The emphasis in such a program is upon learning rather than teaching. The students
interests and developmental needs dictate the direction of the program. Such a model
adapts to students, rather than expecting students to adapt to it. From my own classroom
experiences, I believe that teaching and learning through the multiple intelligences helps
solve many common school problems and optimizes the learning experience for students
and teachers alike. Again following Margaret Mead, if we educate to engage the "whole
gamut of human potentialities" in the classroom, society will benefit by enabling "each
diverse human gift to find its fitting place."

Four Factors In Educational Reform
by Howard Gardner
Many of us interested in efforts at educational reform have focused on the learner or
student, be she a young child in preschool or an adult bent on acquiring a new skill. It is
clarifying to have such a focus and, indeed, any efforts at reform are doomed to fail
unless they concentrate on the properties and potentials of the individual learner. My
own work on multiple intelligences has partaken of this general focus; colleagues and I
have sought to foster a range of intellectual strengths in our students.
But after several years of active involvement in efforts at educational reform, I am
convinced that success depends upon the active involvement of at least four factors:
Assessment * Unless one is able to assess the learning that takes place in different
domains, and by different cognitive processes, even superior curricular innovations are
destined to remain unutilized. In this country, assessment drives instruction. We must
devise procedures and instruments which are "intelligence-fair" and which allow us to
look directly at the kinds of learning in which we are interested.
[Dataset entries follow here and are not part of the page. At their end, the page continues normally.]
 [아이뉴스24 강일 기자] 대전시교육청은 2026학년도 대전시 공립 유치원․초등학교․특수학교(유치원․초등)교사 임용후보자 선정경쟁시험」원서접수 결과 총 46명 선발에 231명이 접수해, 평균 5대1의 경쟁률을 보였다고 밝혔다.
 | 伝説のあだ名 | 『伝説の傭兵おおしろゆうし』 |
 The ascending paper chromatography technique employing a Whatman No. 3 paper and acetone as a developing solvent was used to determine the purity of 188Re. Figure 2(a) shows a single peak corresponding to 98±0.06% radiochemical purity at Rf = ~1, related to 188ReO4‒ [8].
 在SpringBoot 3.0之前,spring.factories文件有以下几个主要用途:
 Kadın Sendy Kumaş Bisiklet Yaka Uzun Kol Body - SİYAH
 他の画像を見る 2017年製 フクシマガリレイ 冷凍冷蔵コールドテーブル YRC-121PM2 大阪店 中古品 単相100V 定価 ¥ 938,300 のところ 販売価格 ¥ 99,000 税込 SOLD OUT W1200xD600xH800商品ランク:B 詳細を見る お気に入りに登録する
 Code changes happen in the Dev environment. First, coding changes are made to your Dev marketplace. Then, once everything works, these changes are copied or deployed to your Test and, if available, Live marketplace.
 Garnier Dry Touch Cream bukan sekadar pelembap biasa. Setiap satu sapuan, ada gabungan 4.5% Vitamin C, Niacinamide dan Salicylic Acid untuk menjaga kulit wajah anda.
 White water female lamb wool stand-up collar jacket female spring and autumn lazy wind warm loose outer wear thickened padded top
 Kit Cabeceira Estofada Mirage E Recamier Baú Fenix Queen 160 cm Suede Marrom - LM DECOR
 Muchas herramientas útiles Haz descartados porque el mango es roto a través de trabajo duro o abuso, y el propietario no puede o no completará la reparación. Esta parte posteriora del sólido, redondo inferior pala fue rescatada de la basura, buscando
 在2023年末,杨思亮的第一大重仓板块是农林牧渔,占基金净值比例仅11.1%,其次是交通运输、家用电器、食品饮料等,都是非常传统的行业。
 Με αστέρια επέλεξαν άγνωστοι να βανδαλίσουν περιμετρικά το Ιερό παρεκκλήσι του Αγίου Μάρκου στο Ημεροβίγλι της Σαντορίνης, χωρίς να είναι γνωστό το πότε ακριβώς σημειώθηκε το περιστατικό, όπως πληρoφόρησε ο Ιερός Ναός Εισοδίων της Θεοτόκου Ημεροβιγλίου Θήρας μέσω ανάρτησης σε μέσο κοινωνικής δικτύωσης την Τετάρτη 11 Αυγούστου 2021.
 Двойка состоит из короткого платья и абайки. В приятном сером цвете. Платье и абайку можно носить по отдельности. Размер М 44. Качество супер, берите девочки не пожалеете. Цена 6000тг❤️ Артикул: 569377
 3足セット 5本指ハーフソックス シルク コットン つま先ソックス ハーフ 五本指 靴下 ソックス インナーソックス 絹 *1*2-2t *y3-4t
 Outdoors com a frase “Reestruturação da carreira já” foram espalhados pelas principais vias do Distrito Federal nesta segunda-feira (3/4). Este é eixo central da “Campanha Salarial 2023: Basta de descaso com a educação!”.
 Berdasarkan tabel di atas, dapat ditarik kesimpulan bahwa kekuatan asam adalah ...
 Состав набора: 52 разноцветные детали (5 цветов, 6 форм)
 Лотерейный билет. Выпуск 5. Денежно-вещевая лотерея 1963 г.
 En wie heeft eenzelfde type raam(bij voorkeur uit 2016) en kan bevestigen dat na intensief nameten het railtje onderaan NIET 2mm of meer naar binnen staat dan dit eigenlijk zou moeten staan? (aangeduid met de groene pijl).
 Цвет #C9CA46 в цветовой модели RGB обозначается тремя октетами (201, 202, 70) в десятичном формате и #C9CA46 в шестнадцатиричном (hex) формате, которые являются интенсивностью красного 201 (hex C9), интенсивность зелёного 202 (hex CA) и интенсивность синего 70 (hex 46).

Curriculum * Far too much of what is taught today is included primarily for historical
reasons. Even teachers, not to mention students, often cannot explain why a certain topic
needs to be covered in school. We need to reconfigure curricula so that they focus on
skills, knowledge, and above all, understandings that are truly desirable in out country
today. And we need to adapt those curricula as much as possible to the particular
learning styles and strengths of students.
Teacher Education * While most teacher education institutions make an honest effort
to produce teaching candidates of high quality, these institutions have not been at the
forefront of efforts at educational improvement. Too often they are weighted down by
students of indifferent quality and by excessive and often counterproductive
requirements which surround training and certification. We need to attract stronger
individuals into teaching, improve conditions so that they will remain in teaching, and
use our master teachers to help train the next generation of students and teachers.
Community Participation * In the past, Americans have been content to place most
educational burdens on the schools. This is no longer a viable option. The increasing
cognitive demands of schooling, the severe problems in our society today, and the need
for support of students which extends well beyond the 9-3 period each day, all make it
essential that other individuals and institutions contribute to the educational process. In
addition to support from family members and other mentoring adults, such institutions
as business, the professions, and especially museums need to be involved much more
intimately in the educational process.
Too often, Americans have responded to educational needs only in times of crisis. This is
an unacceptable approach. Education works effectively only when responsibility is
assumed over the long run. We have made significant progress in this regard over the
past decade. There is reason to be optimistic for students of the future, as dedicated
individuals continue to collaborate in solving the challenging educational problems of
our time.

Dr. Howard Gardner is a Professor of Education and Co-chair of Project Zero at
Harvard University. He is the author of nine books, including Frames of Mind: The
Theory of Multiple Intelligences (1983), and To Open Minds: Chinese Clues to the
Dilemma of Comtemporary Education (1989).